It feels as though the entire cybersecurity community is holding its breath, waiting to see what happens in the hackbot space. There are more questions than answers, and more hype than truth. At Ethiack, one of our core values is transparency - so I'm going to try to give it to you straight in this blog.

Many experts are currently preaching that fully autonomous hackbots will never exist, that advancements in AI will simply provide more intelligent tooling, but will always require human intervention for guidance and key decision making. At Ethiack, we’ve never really held on to this belief. And recently we’ve been able to show why.

You see, the deeper we've gone into producing our hackbot - the Hackian - the more we've been able to strip away the layers of human intervention, allowing us to create a system that is increasingly intelligent and autonomous. The models are getting smarter, for sure, but the real advancements have been in figuring out the best way to "wrap" the LLMs with the most efficient processes and architecture.

At the moment, AI powered hacking tools are split into two categories.

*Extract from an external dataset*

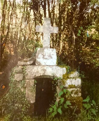 Cette croix latine, taillée dans le granit, était insérée dans un socle monolithe. Elle se dressait au sommet de la fontaine dite « fontaine des yeux », qui se trouvait au hameau du Mont. L’eau de cette source était réputée pour ses vertus guérisseuses, en particulier contre les maladies oculaires. Des pèlerins venaient de loin dans l’espoir d’y recouvrer une vue correcte. En 2025, la croix a malheureusement été détruite.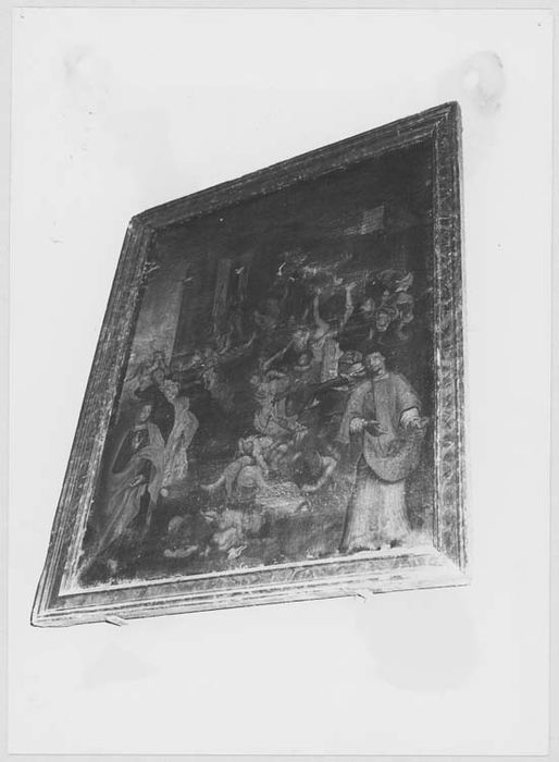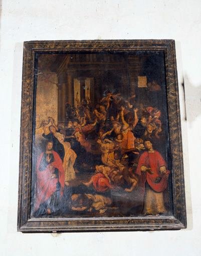 Le tableau, représentant le Massacre des Innocents avec saint Jean et saint Etienne, d'après Rubens, est pratiquement illisible et difficilement datable étant donné son très mauvais état de conservation : 17e siècle ? Le cadre pourrait être plus récent.

One category is practical, and already profitable for many companies. These are tools that help humans move faster, they are narrowly scoped automation that reliably finds bugs in specific contexts. The most popular example right now is probably Burp AI. Portswigger basically added a bunch of AI-enhanced features to their flagship intercept proxy tool (Burp Suite) which augment efficiency for processes that would otherwise be performed manually. The actions that these tools take are heavily guided by a human.

The other category is more ambitious: fully autonomous AI pentesters that can roam a complex environment, chain findings into impact, and produce high confidence reports with almost no human help.

Both categories are moving quickly, probably more quickly than you think, but not without hiccups. The gap is not so much in the model intelligence, but in everything else surrounding it: tooling, verification, environment context, and operational constraints. Despite all the marketing claims you see on X, everyone you see in this space is still in the early days of innovation. Major breakthroughs are still happening regularly, and the way these cutting-edge tools look now will feel rudimentary in 12 months.

This post is a pragmatic snapshot of where things stand right now: what classes of vulnerabilities are being found without human intervention, what it costs to run, which missing components matter most and whether bigger models alone will solve it.

An overview of AI pentesting tooling types

People say “AI pentesting” like it is one thing. It is not. You can break the space into four buckets, each with very different capabilities.

Copilots

This is the most mature bucket. The model sits beside a human analyst and helps with tasks like:

Interpreting tool output
Generating payload variations
Writing scripts
Summarizing attack paths and writing reports
Explaining why a finding matters

PentestGPT is a canonical example: it uses an LLM to guide the penetration test process through multiple stages and modules, explicitly aiming to reduce context loss and keep an overall plan coherent. Copilots are useful because they do not need full autonomy. They just need a human to provide environment context, judgment, and safety.

Agents

Here the model can run commands, call tools, parse results, and iterate. This includes:

Web interaction agents (browsers, API calls)
Tool calling agents that run security tools and interpret results
Small team style agent setups (planner, executor, verifier)

This is where most “agentic pentest” demos live. It is also where things break in unpredictable ways when the environment is messy or the task has a long horizon.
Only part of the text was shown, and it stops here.